Young, broke, classes skipped,
A bottle of Crown Royal stolen from your father’s rec room bar.
The only thing that made sense to us
When we were lost,
Was a full tank of gas.
Cars were serious currency,
An escape from living rooms drenched in T.V.’s glow,
And high schools that chewed us up.

Those years seemed composed of only morning and night
Swinging by the Amoco station for a breakfast
Of Doritos and Mountain Dew. Sunlight draining
Into the streetlights. AC/DC in the cassette deck,
We tore a rut in the asphalt of Main Street,
Waiting desperately for something to stain our colorless lives.

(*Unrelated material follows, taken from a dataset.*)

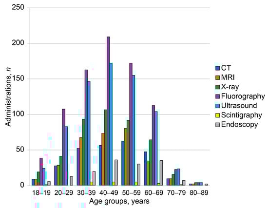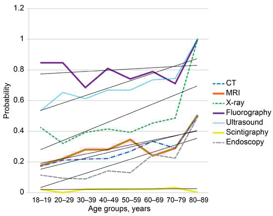Cohort-wide numbers of administered imaging modalities were normally distributed, and probabilities of imaging modalities had upward age-related trends (Figure 1 and Figure 2). Significant age-related differences were found between 60–69 year olds and other age groups. The 60–69-year-old group had significantly higher probability of receiving CT compared with 20–49-year-old respondents (p < 0.05). However, they had lower probability of MRI compared with 20–59-year-old respondents (p < 0.05). The 60–69-year-old group more often received X-ray compared with 20–29-year-olds (p < 0.05) and chest fluorography compared with 30–39-year-olds (p < 0.05). The probability of receiving ultrasound in this group was higher than in 18–19- and 30–39-year-old respondents (p < 0.05). The 60–69 year olds had significantly higher probability of receiving endoscopy compared with 20–59 year olds (p < 0.05). Respondents aged 50–59 years had significantly higher probability of undergoing MRI compared with 18–29 year olds (p < 0.05) and fluorography compared with 20–29 year olds (p < 0.05). Respondents aged 70–89 years had significantly higher probabilities of receiving endoscopy (p < 0.05) and X-ray examinations compared with 20–29-year-old respondents (p < 0.05).
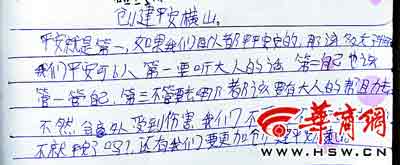 她在這段題為《創(chuàng)建平安橫山》的日記里寫道:如果我們每個人都平平安安的,那該多好。〔还芤ツ,都該要有大人的幫助去,不然會意外受到傷害,我們不要去不平安的地方,不就平安了嗎?

Bald tires, loose tie rods, burnt oil exhaust,
A blind headlight, all that mattered
Was fuel and motion. We attempted to outrun
Milltown pensions and expectations waiting for us
Beyond the polluted river,
And inflated lies of a diploma slapped in our grimy hands.

These days I’m in awe of being alive.
My car’s over ten years-old, but bought and paid for in cash.
The oil is changed like clockwork.
There’s money in the bank.
Out at the old lighthouse at sunset,
Headlights gather, stolen twelve packs emptied and discarded.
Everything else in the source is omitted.